PTI Updated - December 07, 2021 at 01:14 AM.

Amid fears that batteries of the crashed Malaysian plane’s black boxes may have died, authorities today began to narrow the search area in the Indian Ocean to deploy an underwater drone to spot the debris.

Searchers hunting for Flight MH370 have so far failed to find any confirmed clues about the black boxes, as no new signals have been detected since last of the four other signals were heard on April 8.

“Up to 11 military aircraft, one civil aircraft and 14 ships will assist in today’s search,” the Joint Agency Coordination Centre (JACC) said in a statement, adding the centre of the search areas was set approximately 2,200 km north west of Perth.

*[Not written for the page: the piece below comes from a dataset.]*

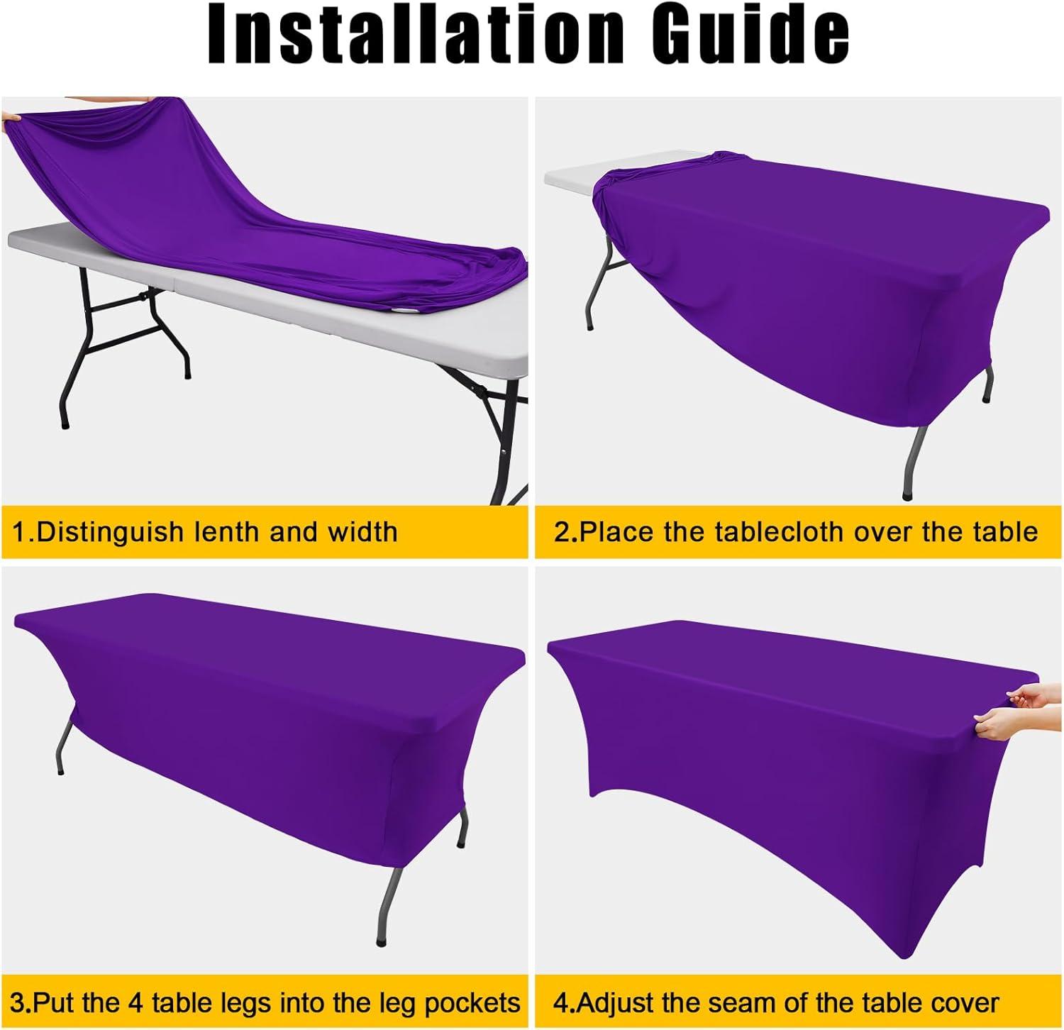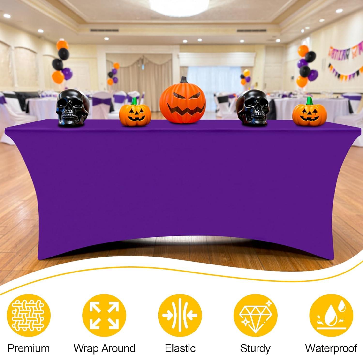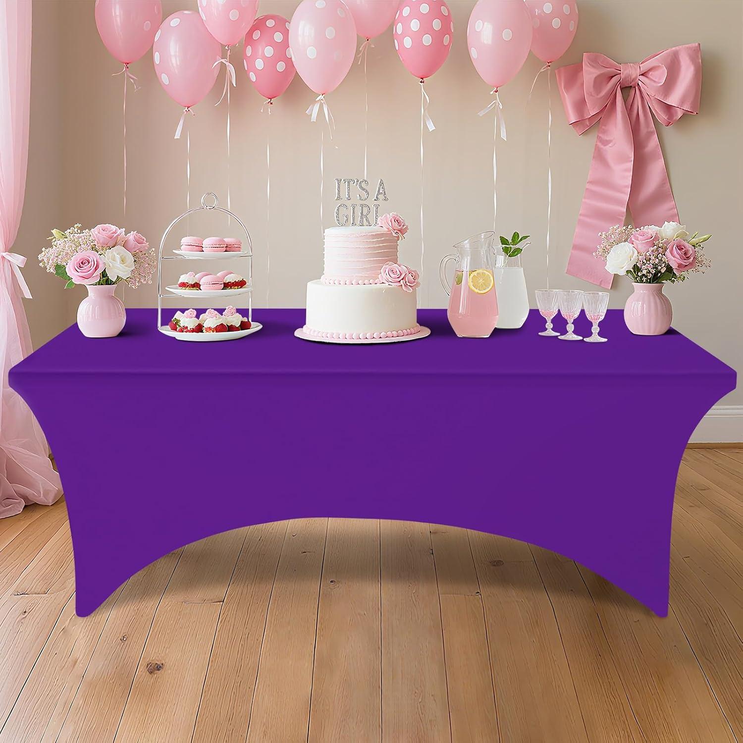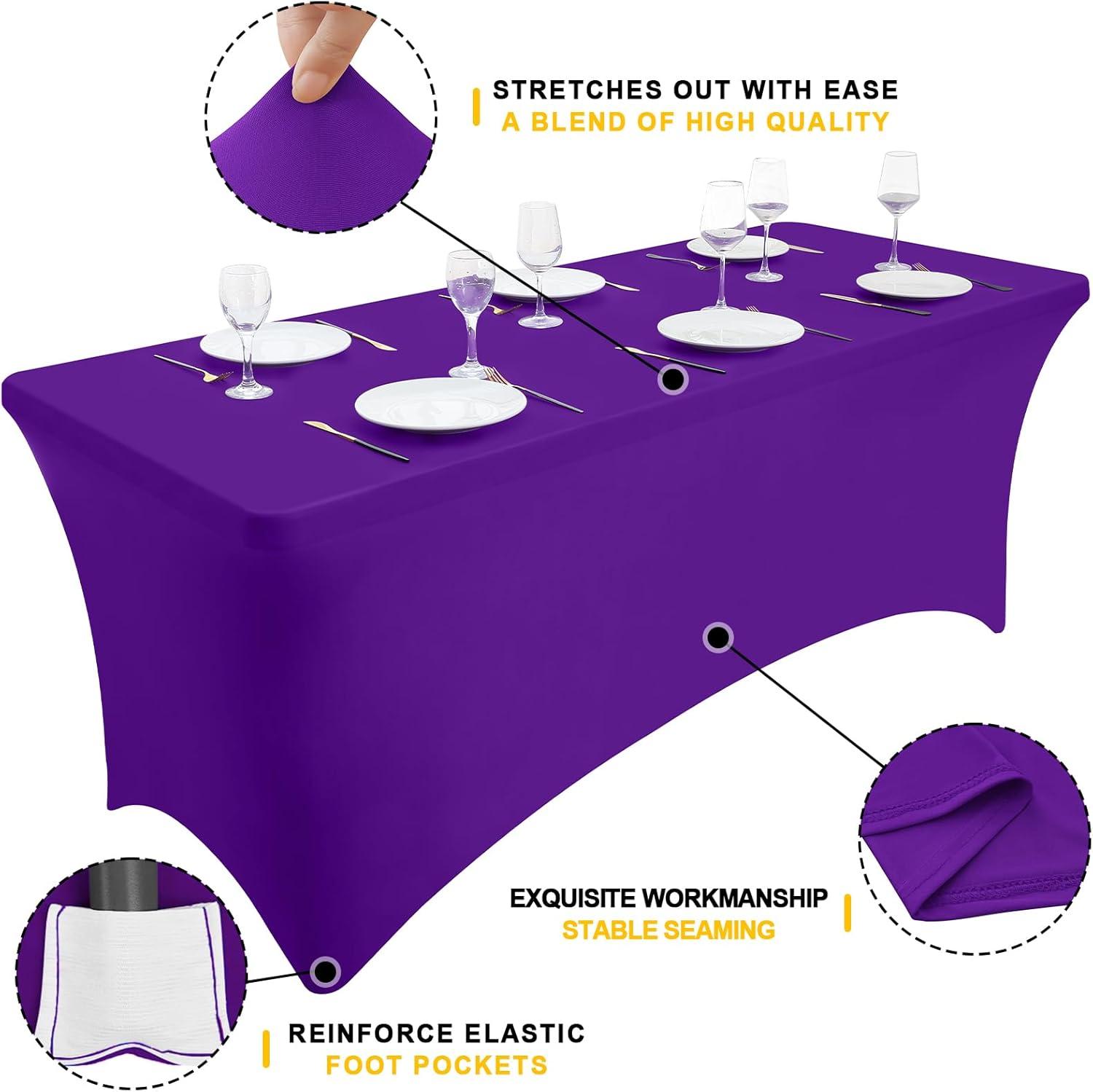 Smiry 2 Pack Spandex Table Cloth 6FT, Elastic Fitted Stretch Tablecloths, Washable and Wrinkle Free Rectangular Patio Table Cover for Outdoor, Wedding, Banquet & Parties (Navy, 72Lx30Wx30H Inch)(Purple)

China is also planning to deploy its indigenous deep sea manned submersible to locate the wreckage of the Boeing 777.

This work continues in an effort to narrow the underwater search area for when the Autonomous Underwater Vehicle is deployed, JACC said as the search for the missing jet entered into 37th day.

It said the Australian Maritime Safety Authority had planned a visual search area, totalling 57,506 sq km compared to 41,393 sq km yesterday.

In an effort to narrow the underwater search area in which the autonomous underwater vehicle is deployed, JACC said the Australian defence vessel, Ocean Shield, continued more focused sweeps with the towed pinger locator to try and locate further signals related to the black boxes.

Last Wednesday, JACC chief coordinator Angus Houston said the autonomous underwater vehicle Bluefin-21 would be deployed once signals could no longer be detected.

Finding the black boxes is crucial to know what happened on March 8 before the Beijing-bound Malaysia Airlines jet with 239 people, including five Indians, an Indo-Canadian and 154 Chinese nationals, mysteriously vanished after taking off from Kuala Lumpur.

The batteries powering the black boxes are certified to be working for 30 days, but can still provide weak signals for some more days. Stored in a plane’s tail, they are designed to begin sending off distinct, high-pitched signals as soon as they come in contact with water.